4) Little Women by Louisa May Alcott
This story holds a dear place in my heart, because ever since I can remember, my three sisters and I have pretended to be the March sisters. But I think this is an easier classic to read. It’s simple to read–not a different style of writing, like Austen. It’s a very warming and family-oriented story, the sort of story I like to read on a snowy winter day, because it’s so cozy.

5) Treasure Island by Robert Louis Stevenson
Who doesn’t like a good pirate story? I think adults like this as much as children.

6) Peter Pan by JM Barrie
Again, who doesn’t like a good pirate story? Not that all of this is a pirate story. But I think any adult will like the story of a kid who didn’t want to grow up. How many of us wish we could be kids again, even for just a day or two?

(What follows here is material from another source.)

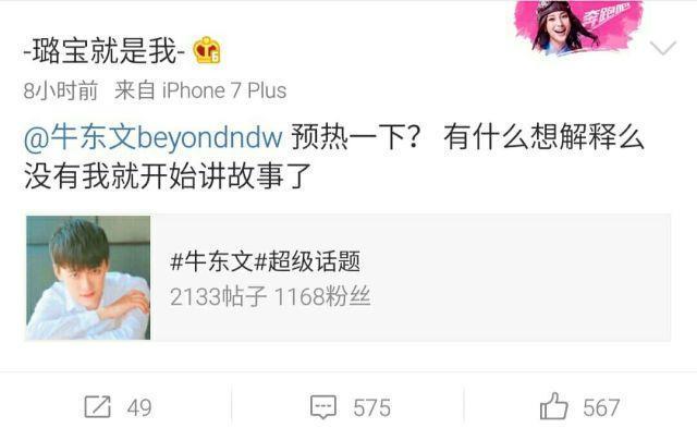 10月10日下午1点,SNH48前队长王璐发博并艾特了牛东文,并配文:预热一下,有什么想解释么,没有我就开始讲故事了。而牛东文适时未作出回应。

7) The Time Machine by HG Wells
I’m sure that this is not the first novel in which there is time travel, marking it as a sci-fi story. But, for me, this will always be the original sci-fi story. And this isn’t a time travel where you go backwards, but a traverse so far in the future that “society” has reverted back to neanderthal-esque living, no humans left.

8) Dracula by Bram Stoker
Remember that one time that vampires weren’t a common thing to make TV shows and write books about? I do! Not that I was alive when this was published, but I can remember when vampires weren’t such a large part of pop culture. This can be a little tedious at times, but it’s the birth of vampires as a topic of interest in literature, as far as I know.

9) The Phantom of the Opera by Gaston Leroux
The book is much better than the musical. I love the musical, love the songs, love the recent film of it. But I still think the book is better. It’s so much easier to understand how complex the phantom is in the book–he’s more than a creeper who lives in the opera house’s basement.

10) The Scarlet Pimpernel by Baroness Emmuska Orczy
Most of you probably haven’t even heard of this book. And I wouldn’t have either, if I hadn’t started reading a series about five years ago that was a spin-off of this book. And while the series is more modern in its style of focus, the original Scarlet Pimpernel was its own series by Orczy. If you like espionage and scandal amidst Regency England/France, you’ll like this book.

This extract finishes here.